Closed scabot closed 5 years ago

scabot commented 8 years ago

… the user to allocate a buffer (zero copy). Add the total_size of a buffer to ImxVpuFrameBuffer

There are two changes in this commit: The first and easy one is just adding the total_size to ImxVpuFrameBuffer. We need this internally to wrap the these buffers int our own memory allocator. Others may need this as well.

The second more interesting change is to allow directly calling a write style function instead of asking the user to supply an output buffer using acquire_output_buffer and releasing it using finish_output_buffer. This enables several advantages:

  1. No need for memory allocation while encoding or managing pre-allocated buffers
  2. Zero copy (or at least let the user decide what type of copy she desires)
  3. A possibility to directly write to a file descriptor (file,pipe,socket...)
scabot commented 8 years ago

After adding the ability to call a user function to write the output data without copying I went the extra mile and enabled proper support for ring buffer mode which allows for low latency streaming

dv1 commented 8 years ago

Thanks for this. These changes do look very interesting. The ring buffer mode and callback-style encoding have been on my list of things to experiment with, but you took care of that :)

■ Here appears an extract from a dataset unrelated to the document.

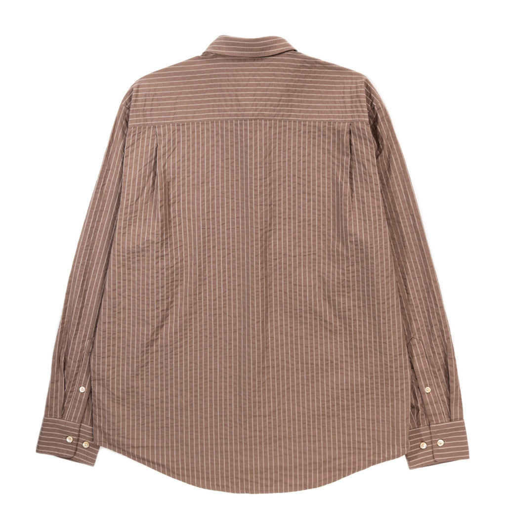 POINTED COLLAR SHIRT WITH SLIGHTLY CURVED HEM, TWO-HOLE MOTHER-OF-PEARL BUTTONS, AND TWO BACK PLEATS. IT FEATURES A SLIGHTLY OVERCUT SHOULDER AND A LOOSE FIT AROUND THE BODY. MADE FROM A STRIPED SEERSUCKER ORGANIC COTTON FABRIC

Unfortunately I was very busy over the last two weeks, so there was no time to check them out. I'll do that over the next few days. That said, please ensure that you use tabs and not spaces, otherwise the indentation is mixed up like it is now. I can correct it this time, it is just something to keep in mind for the next time.

scabot commented 8 years ago

Thank you for testing this I committed some more changes to the way we wait for the frame to complete and separated the logic for full frame from the logic for ring buffer. This commit tries to balance between latency and the overhead of the syscalls issued by vpu_waitForInt. Also tried to fix the tab/space thing. Hope I didn't make things worse. BTW. I will take this opportunity to thank you for all the work you put into this library.

otavio commented 8 years ago

News on this pull request? @dv1 ?

dv1 commented 8 years ago

There are still issues with tabs & spaces (see the comments, where spaces should be used for example), but I can fix these. Commit looks OK overall. I'll merge it in a few days after fixing the remaining whitespace issues & testing it.

otavio commented 8 years ago

@scabot could you rework the commits fixing the issues spotted by @dv1 ? This would allow him to proceed with the testing and merge..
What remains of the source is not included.